(Entries taken from a collection)
⟨
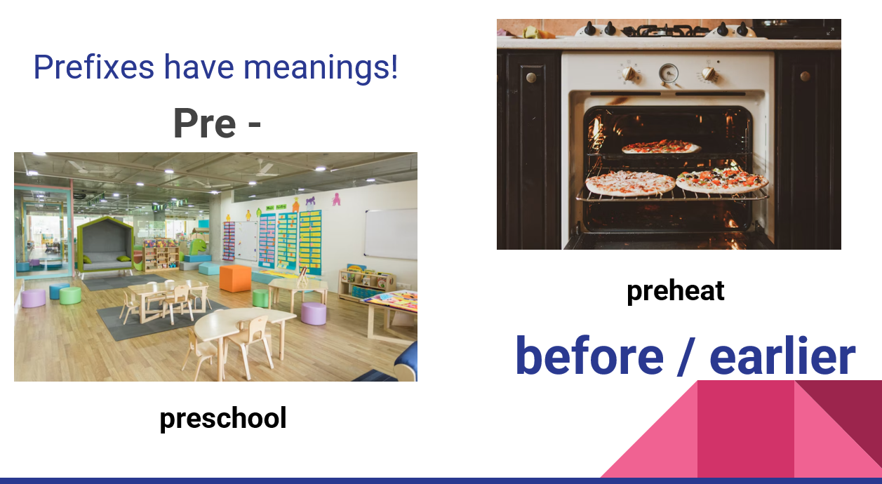 Briefly explaining prefixes, then giving examples and meanings, for prefixes like pre-, un-, dis-, re-…
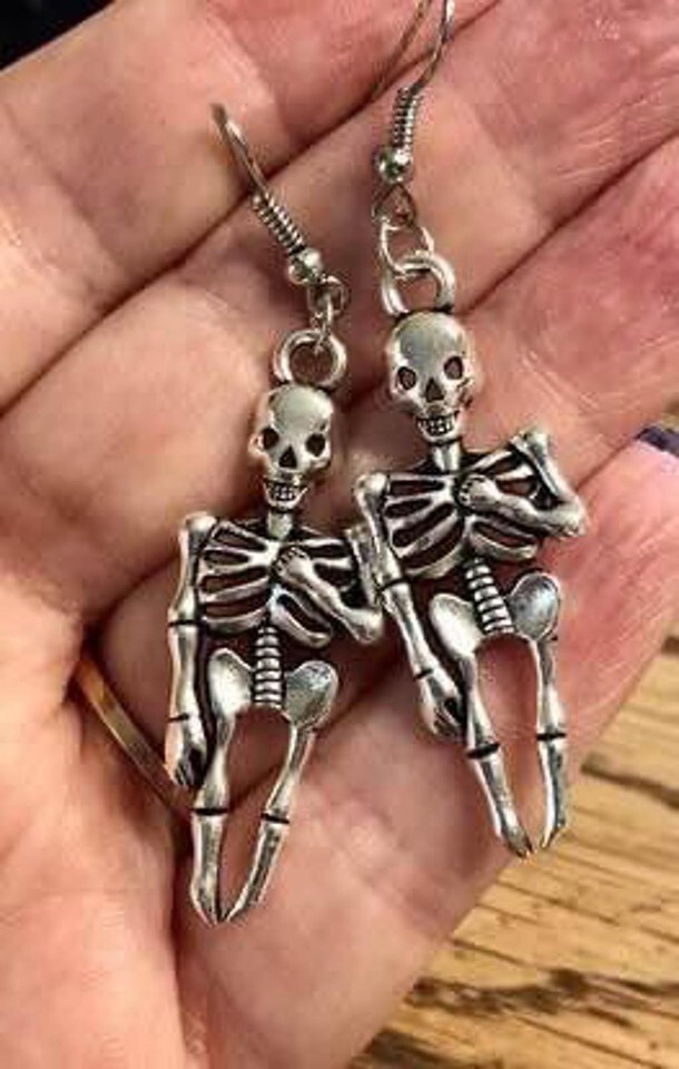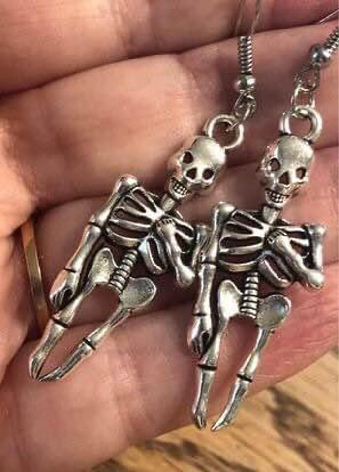 New Retro Full Skeleton Holding ?? Heart Earrings
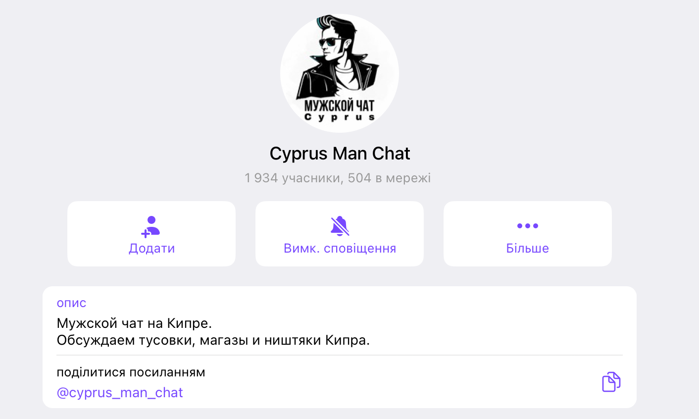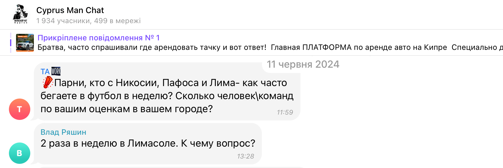 В Telegram мы нашли подтверждение: жена Ряшина Екатерина подписана на многочисленные тематические паблики, в частности "Кипр: недвижимость", "Обменник Кипр", "Госуслуги: Кипр – РФ". Кроме того, сам Ряшин однажды обмолвился о том, как проводит свободное время, в публичном чате "Cyprus Man Chat". На вопрос о посещении футбольных матчей на Кипре он ответил, что дважды в неделю ездит в Лимасол – город на юге островного государства.
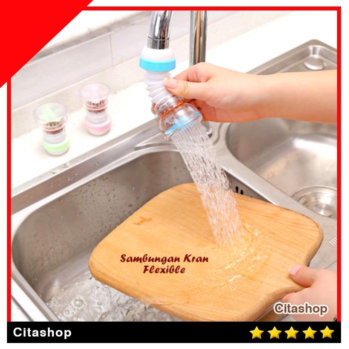 Sambungan Kran Flexible Dengan FILTER BUTIRAN KARBON AKTIFBIRU, HIJAU KOSONGGGREADY :- PINKCANTUMKAN WARNA YANG DI ORDER DI KOLOM KETERANGAN. JIKA TIDAK, MAKA AKAN DIKIRIM WARNA RANDOM !!Sambungan kran keluaran baru ini dilengkapi filter air berbentuk butiran karbon aktif.Karbon aktif adalah suatu material yang memiliki pori-pori sangat banyak, pori-pori ini berfungsi untuk menyerap apa saja yang dilaluinya. Karbon aktif berguna sebagai filter untuk menjernihkan air, supaya air jernih, gak bau dan layak dikonsumsiDengan adanya butiran karbon aktif, air yang keluar dari sambungan kran sudah pasti lebih bersih tentunya.Sambungan kran bisa ditekuk, dipanjang pendek, bisa juga diputar 360 derajat, membersihkan wastafel jadi mudah dan lebih bersih tentunya. Kran jadi bisa ditekuk dan digerakkan hingga ke sudut-sudut wastafel.Tidak hanya itu, sambungan kran ini dapat menghemat air hingga 50%, air yang keluar dari mulut sambungan kran berbentuk bunga air sehingga pemakaian air jadi lebih irit. Aliran air jadi terasa lebih deras, membersihkan piring atau makanan jadi lebih cepat dan air kran tidak muncrat kemana-mana.Bagian atas sambungan kran terbuat dari bahan karet elastis, bisa dipasang di semua kran wastafel atau kran kamar mandi.Material : PlastikSize :- 4.6 x 11 cm (kondisi panjang)- 4.6 x 7.8 cm (kondisi pend
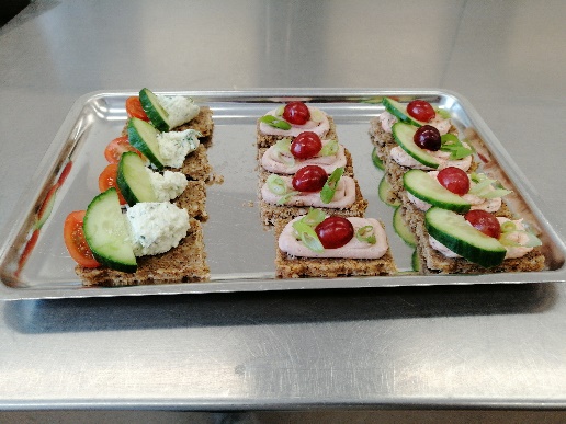 Meine nächste Teilaufgabe war es, verschiedene Brotaufstriche zuzubereiten. Ich habe mich für einen Feta-Kräuter-Aufstrich, einen Leberwurst-Quark und einen Lachsaufstrich entschieden. Diese Kombination habe ich gewählt, da ich durch einen vegetarischen Aufstrich und einen Aufstrich mit Fleisch und Fisch, eine vielseitige Kombination schaffen konnte. Die verschiedenen Aufstriche habe ich auf die Brotschnitten mit einem Spritzbeutel aufgespritzt, damit die Häppchen ansprechend aussehen.
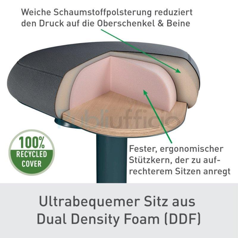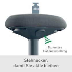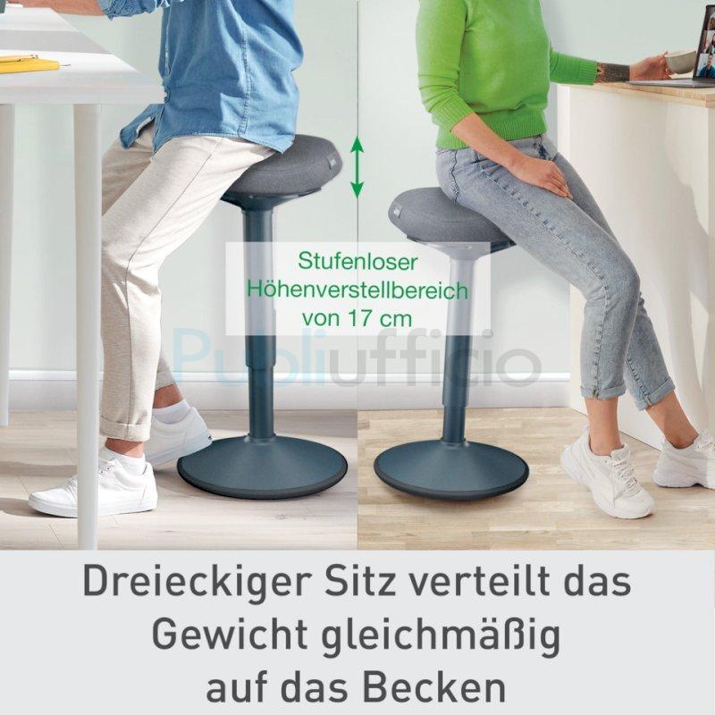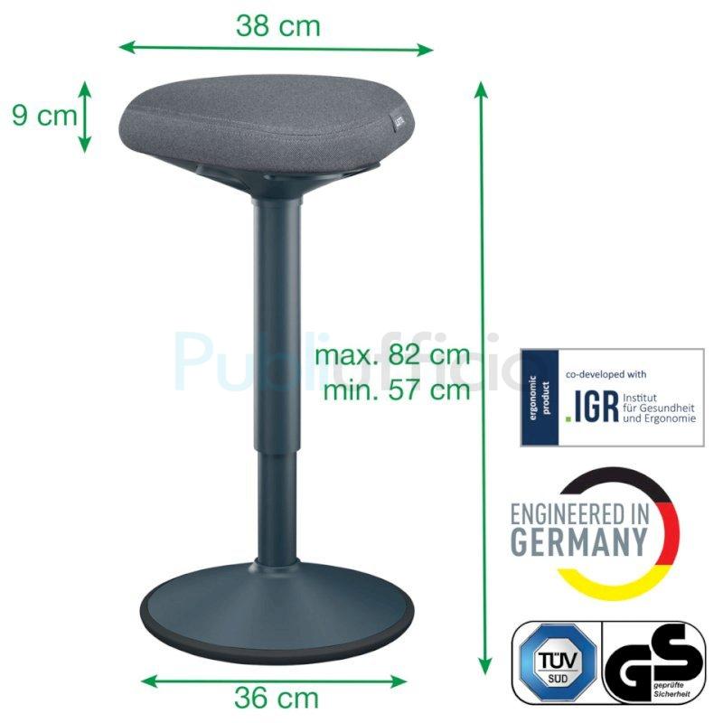 Lo sgabello Leitz Ergo Active è dotato di un esclusivo sedile di comfort in schiuma a doppia densità (DDF) con un nucleo di supporto ergonomico e solido. Simile a uno sgabello, la forma triangolare distribuisce il peso in modo uniforme sul bacino ed è circondata da una morbida imbottitura in schiuma per ridurre la pressione su cosce e gambe. Il sedile di 9 cm di spessore è progettato per garantire il massimo comfort e può essere utilizzato per appoggiarsi o per sedersi completamente, incoraggiando gli utenti a sedersi in posizione più eretta e offrendo un'esperienza di seduta ultra confortevole simile a quella di un cuscino. Sviluppato in collaborazione con l'Istituto per la Salute e l'Ergonomia (IGR), questo sgabello da scrivania ergonomico e regolabile in altezza è stato progettato per mantenervi attivi a casa o al lavoro mentre utilizzate una scrivania in piedi, tavoli da riunione alti o il bancone della cucina. La base arrotondata della sedia sgabello incoraggia il movimento attivo ruotando e dondolando mentre si lavora, rafforzando la schiena e il core e prevenendo dolori e disturbi. Regolazione agevole e facile dell'altezza di 25 cm (57 - 82 cm) con la pressione di un pulsante per passare all'altezza di appoggio perfetta. Il rivestimento del sedile è realizzato con materiale riciclato al 100% e la base in gomma antiscivolo impedisce allo sgabello di scivolare proteggendo il pavimento. Il design leggero e la maniglia per il trasporto sotto il sedile lo rendono facile da spostare da una stanza all'altra e può essere facilmente riposto sotto la scrivania. Questo sgabello moderno e minimalista è ideale per la casa o l'ufficio per migliorare il comfort e massimizzare la produttività. La nostra missione è fornire soluzioni che permettano alle persone di prosperare sul lavoro e oltre, promuovendo una salute mentale e un benessere fisico positivi. Combinabile con molti altri prodotti Leitz Ergo per personalizzare la tua postazione di lavoro flessibile e individuale in modalità sit, stand & move. Rimani attivo e Feel Good con Leitz. Sviluppato in collaborazione con l'Istituto tedesco IGR per la salute e l'ergonomia, secondo la norma DIN 26800 EN ISO 15537, tenendo conto del comfort ergonomico, certificato TÜV e GS per la sicurezza. Dimensioni: 370 x 610 x 377 mm. Peso: 6,1 Kg. Colore: grigio scuro.
⟩
◆ **TASK INSTRUCTIONS**
For this exercise, copy the entries above exactly and skip any picture.

◆ **SOLUTION TO THE EXERCISE**
 Briefly explaining prefixes, then giving examples and meanings, for prefixes like pre-, un-, dis-, re-…
 New Retro Full Skeleton Holding ?? Heart Earrings
 В Telegram мы нашли подтверждение: жена Ряшина Екатерина подписана на многочисленные тематические паблики, в частности "Кипр: недвижимость", "Обменник Кипр", "Госуслуги: Кипр – РФ". Кроме того, сам Ряшин однажды обмолвился о том, как проводит свободное время, в публичном чате "Cyprus Man Chat". На вопрос о посещении футбольных матчей на Кипре он ответил, что дважды в неделю ездит в Лимасол – город на юге островного государства.
 Sambungan Kran Flexible Dengan FILTER BUTIRAN KARBON AKTIFBIRU, HIJAU KOSONGGGREADY :- PINKCANTUMKAN WARNA YANG DI ORDER DI KOLOM KETERANGAN. JIKA TIDAK, MAKA AKAN DIKIRIM WARNA RANDOM !!Sambungan kran keluaran baru ini dilengkapi filter air berbentuk butiran karbon aktif.Karbon aktif adalah suatu material yang memiliki pori-pori sangat banyak, pori-pori ini berfungsi untuk menyerap apa saja yang dilaluinya. Karbon aktif berguna sebagai filter untuk menjernihkan air, supaya air jernih, gak bau dan layak dikonsumsiDengan adanya butiran karbon aktif, air yang keluar dari sambungan kran sudah pasti lebih bersih tentunya.Sambungan kran bisa ditekuk, dipanjang pendek, bisa juga diputar 360 derajat, membersihkan wastafel jadi mudah dan lebih bersih tentunya. Kran jadi bisa ditekuk dan digerakkan hingga ke sudut-sudut wastafel.Tidak hanya itu, sambungan kran ini dapat menghemat air hingga 50%, air yang keluar dari mulut sambungan kran berbentuk bunga air sehingga pemakaian air jadi lebih irit. Aliran air jadi terasa lebih deras, membersihkan piring atau makanan jadi lebih cepat dan air kran tidak muncrat kemana-mana.Bagian atas sambungan kran terbuat dari bahan karet elastis, bisa dipasang di semua kran wastafel atau kran kamar mandi.Material : PlastikSize :- 4.6 x 11 cm (kondisi panjang)- 4.6 x 7.8 cm (kondisi pend
 Meine nächste Teilaufgabe war es, verschiedene Brotaufstriche zuzubereiten. Ich habe mich für einen Feta-Kräuter-Aufstrich, einen Leberwurst-Quark und einen Lachsaufstrich entschieden. Diese Kombination habe ich gewählt, da ich durch einen vegetarischen Aufstrich und einen Aufstrich mit Fleisch und Fisch, eine vielseitige Kombination schaffen konnte. Die verschiedenen Aufstriche habe ich auf die Brotschnitten mit einem Spritzbeutel aufgespritzt, damit die Häppchen ansprechend aussehen.
 Lo sgabello Leitz Ergo Active è dotato di un esclusivo sedile di comfort in schiuma a doppia densità (DDF) con un nucleo di supporto ergonomico e solido. Simile a uno sgabello, la forma triangolare distribuisce il peso in modo uniforme sul bacino ed è circondata da una morbida imbottitura in schiuma per ridurre la pressione su cosce e gambe. Il sedile di 9 cm di spessore è progettato per garantire il massimo comfort e può essere utilizzato per appoggiarsi o per sedersi completamente, incoraggiando gli utenti a sedersi in posizione più eretta e offrendo un'esperienza di seduta ultra confortevole simile a quella di un cuscino. Sviluppato in collaborazione con l'Istituto per la Salute e l'Ergonomia (IGR), questo sgabello da scrivania ergonomico e regolabile in altezza è stato progettato per mantenervi attivi a casa o al lavoro mentre utilizzate una scrivania in piedi, tavoli da riunione alti o il bancone della cucina. La base arrotondata della sedia sgabello incoraggia il movimento attivo ruotando e dondolando mentre si lavora, rafforzando la schiena e il core e prevenendo dolori e disturbi. Regolazione agevole e facile dell'altezza di 25 cm (57 - 82 cm) con la pressione di un pulsante per passare all'altezza di appoggio perfetta. Il rivestimento del sedile è realizzato con materiale riciclato al 100% e la base in gomma antiscivolo impedisce allo sgabello di scivolare proteggendo il pavimento. Il design leggero e la maniglia per il trasporto sotto il sedile lo rendono facile da spostare da una stanza all'altra e può essere facilmente riposto sotto la scrivania. Questo sgabello moderno e minimalista è ideale per la casa o l'ufficio per migliorare il comfort e massimizzare la produttività. La nostra missione è fornire soluzioni che permettano alle persone di prosperare sul lavoro e oltre, promuovendo una salute mentale e un benessere fisico positivi. Combinabile con molti altri prodotti Leitz Ergo per personalizzare la tua postazione di lavoro flessibile e individuale in modalità sit, stand & move. Rimani attivo e Feel Good con Leitz. Sviluppato in collaborazione con l'Istituto tedesco IGR per la salute e l'ergonomia, secondo la norma DIN 26800 EN ISO 15537, tenendo conto del comfort ergonomico, certificato TÜV e GS per la sicurezza. Dimensioni: 370 x 610 x 377 mm. Peso: 6,1 Kg. Colore: grigio scuro.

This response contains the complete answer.